While it would be inaccurate to say that I have a favorite Biblical verse, Midrash, or Halachah, there are several I have taught many times.
What I have learned over and over again is that the Talmudic phrase (Chagiga 9b) — “One who reviews the material 100 times is not the same as one who does it 101 times” — is absolutely true. It often happens that, when I think I have “cracked” the real meaning of a text, in a discussion with my audiences and students, very frequently someone reveals a new, surprising, and welcome breakthrough.
One of the texts I have taught innumerable times during the last four or five decades is:
Mar Zutra said: Even a poor person who is supported by Tzedakah must give Tzedakah. (Gittin 7b).
I have read articles about homeless people who have taken change or a bill out of their pocket or purse — sometimes representing their next meal. The reporter has written the article because it, indeed, is very moving, and certainly unexpected. When I see these articles, I am not surprised, because I know the Talmudic text.
My audiences and students have offered a few reasons for Mar Zutra’s statement:
1. Inclusion: If someone is asking for donations from others, you would be denying the poor person his or her place within the chevra of other human beings.
2. The money: Whatever the goal is (in terms of the amount of Tzedakah to be raised), every donation makes a difference.

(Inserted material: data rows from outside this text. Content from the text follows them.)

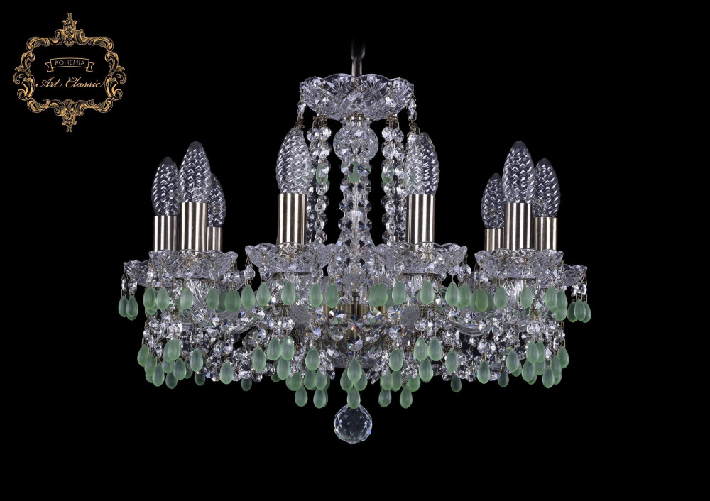 Подвесная люстра 11.24 11.24.10.165.Br.V5001 Art Classic зеленая, хрустальная, рожковая, чешская
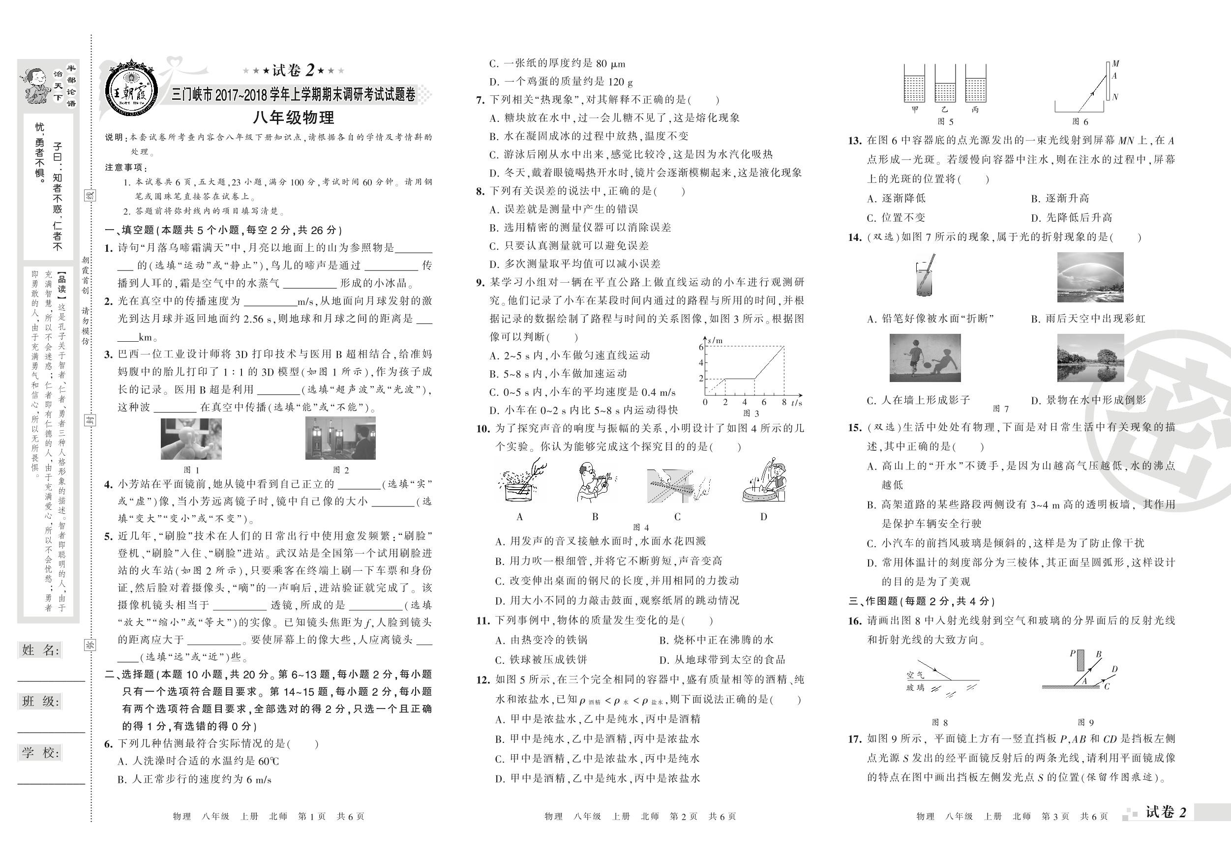 2017-2018学年第一学期三门峡市八年级物理试卷(北师版)【2】
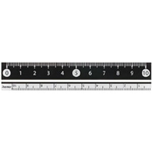 ハイコントラストで視認性の良い定規。コントラストが強いため文字とメモリの視認性が高い。5cmごとの大きな数字で視認性が良い。矢印付きメモリなので線を引くときに読み取りやすくなっています。
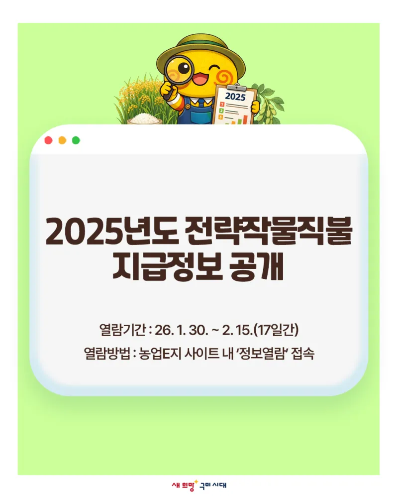 2025년도 전략작물직불 지급정보 공개
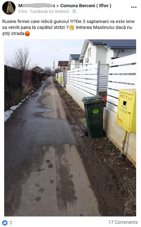 - iar gunoierii sa ti le “alinieze” pe unde apuca, prin mijlocul drumului, precum fac acum cu singurul cos de gunoi, care sta acolo pana vii tu de la servici (pt. cei ce lucreaza)
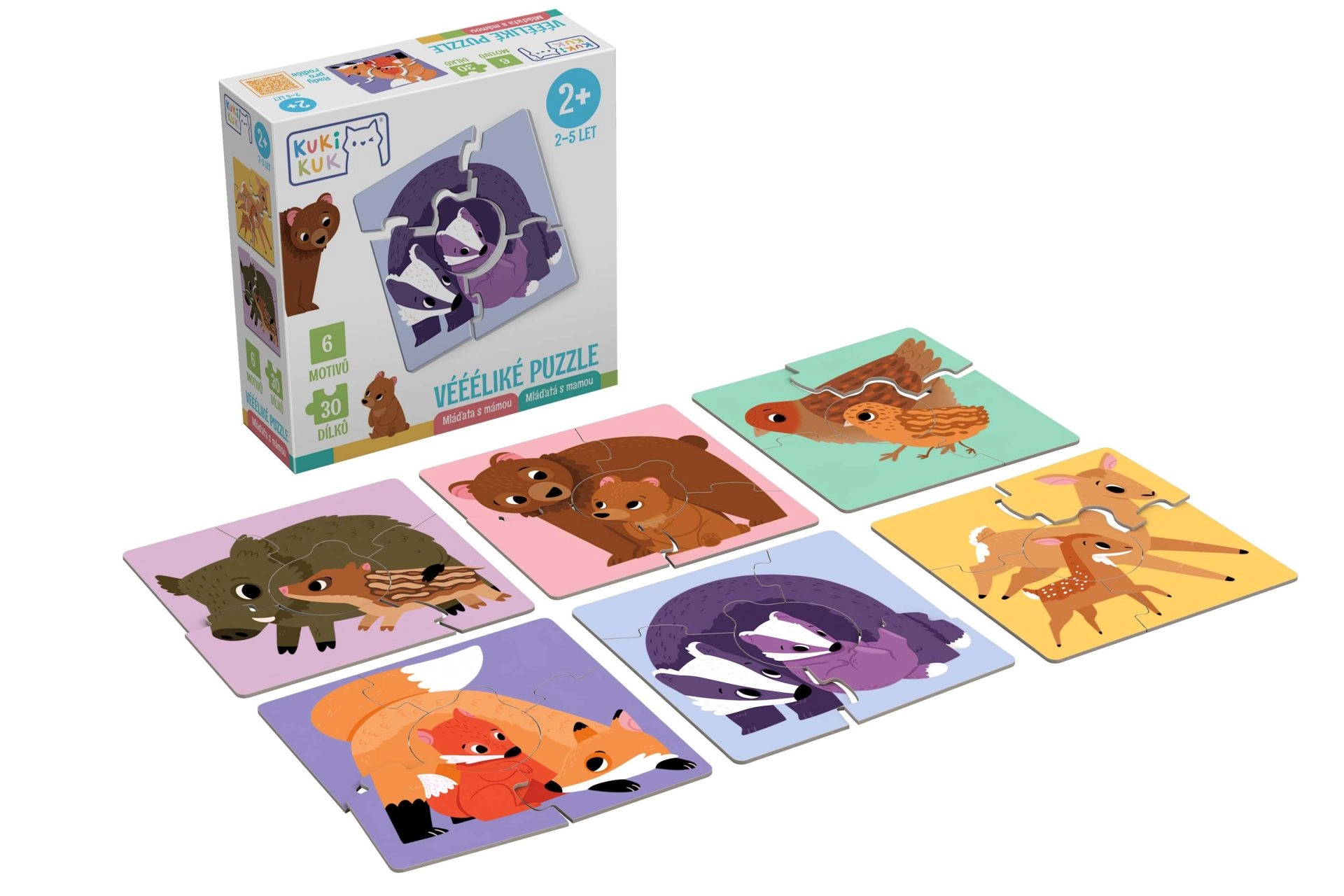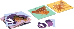 Kaasa on lisatud näpunäited ja mänguvariandid eri vanuserühmadele: alates lihtsast poegade sobitamisest vanematega kuni kokkupanekuni värvitausta järgi ning lõbusate mõistatusteni ilma esikülje vihjeteta. Mäng arendab sõnavara, silma–käe koordinatsiooni ja fantaasiat ning julgustab rääkima loodusest ja loomade elust. Valmistatud Tšehhis.
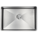 De elegant afrundede hjørner i vaskens kumme flugter perfekt med vaskens yderkant, hvilket resulterer i et harmonisk afstemt design.
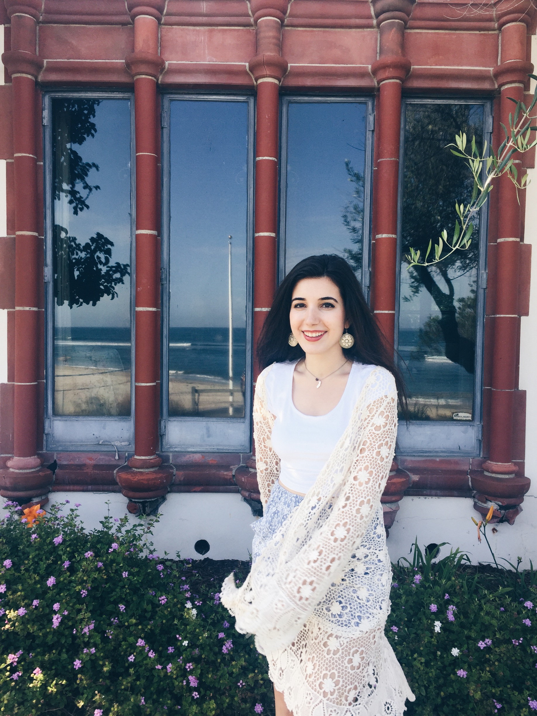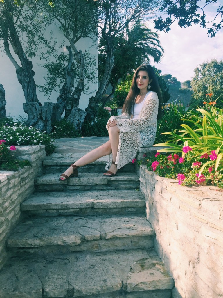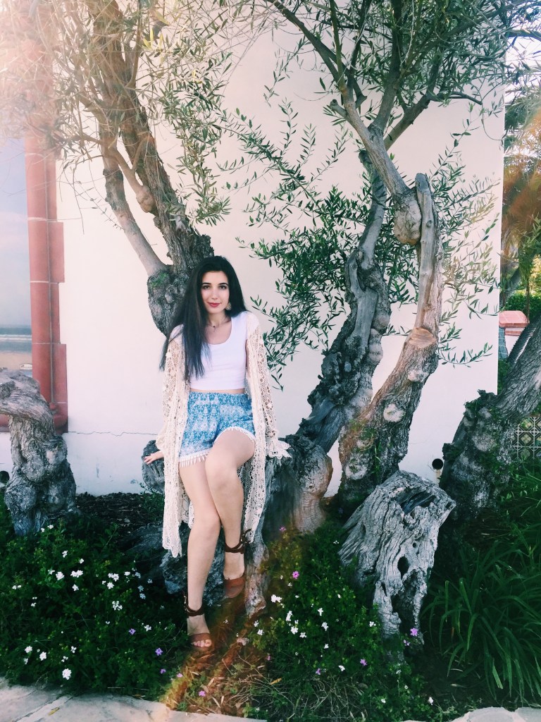 One does not go to Malibu without wearing in the ‘Bu beach basics. The Malibu uniform does not exclude a white crop top and blue patterned shorts with some cream embellishments. Since it became a little chilly, I paired the look with a cream crochet cardigan that picks up on the short’s embellishments. For footwear, I opted for my favorite/reliable brown sandals. To top it all off, I decided to switch out my daily studs for some dangly cream earrings that have diamond-looking detailing.
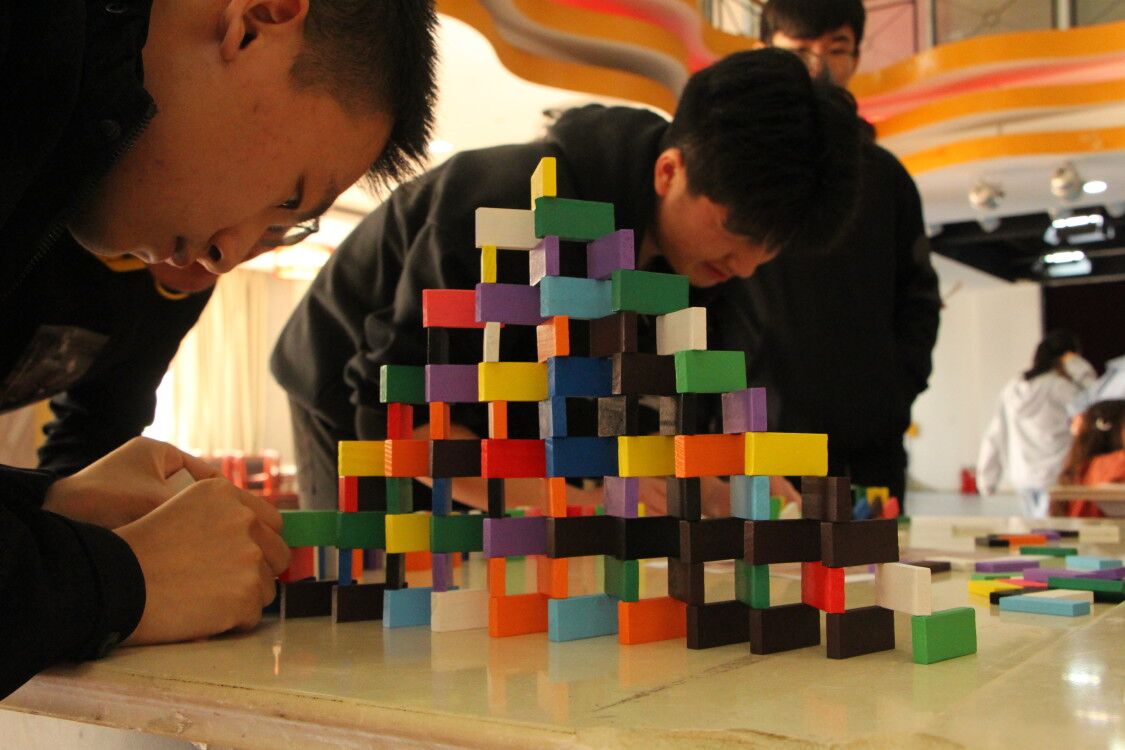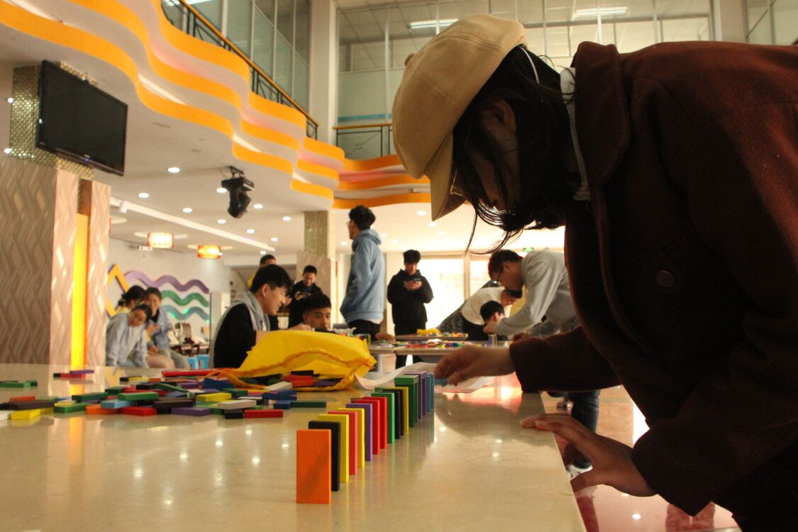活动伊始,主持人为大家介绍了比赛规则与流程,参赛队员们抽签决定比赛次序,之后由工作人员发放图纸,按照图纸摆放三段多米诺骨牌,从完成度、花费时间、难度三个方面评分。比赛过程中,同学们积极参与、全神贯注、相互协作,都较好地完成了任务。紧张激烈的比赛过后,经过计分评选,5支队伍表现优异、突出重围,活动最后,工作人员为他们颁发了奖品,活动取得了圆满结束。

3. Empowerment: The poor person is generally a taker — in Mar Zutra’s example, one who is surviving on the givers to the communal Tzedakah fund. By the poor person’s giving, he or she has significantly changed the relationship.
4. Dignity: By not asking the poor person, we are essentially saying, “You are not worthy.” Diminishing the poor person’s human value is a dreadful wrong — a felony, not a mere misdemeanor. We are labeling that person as not really a someone, but part of an abstract category of “poor people”, or worse, “the poor”.
And I certainly believe that there is reason to assume that in my future Torah sessions there most assuredly will be more insights to add to the four listed above.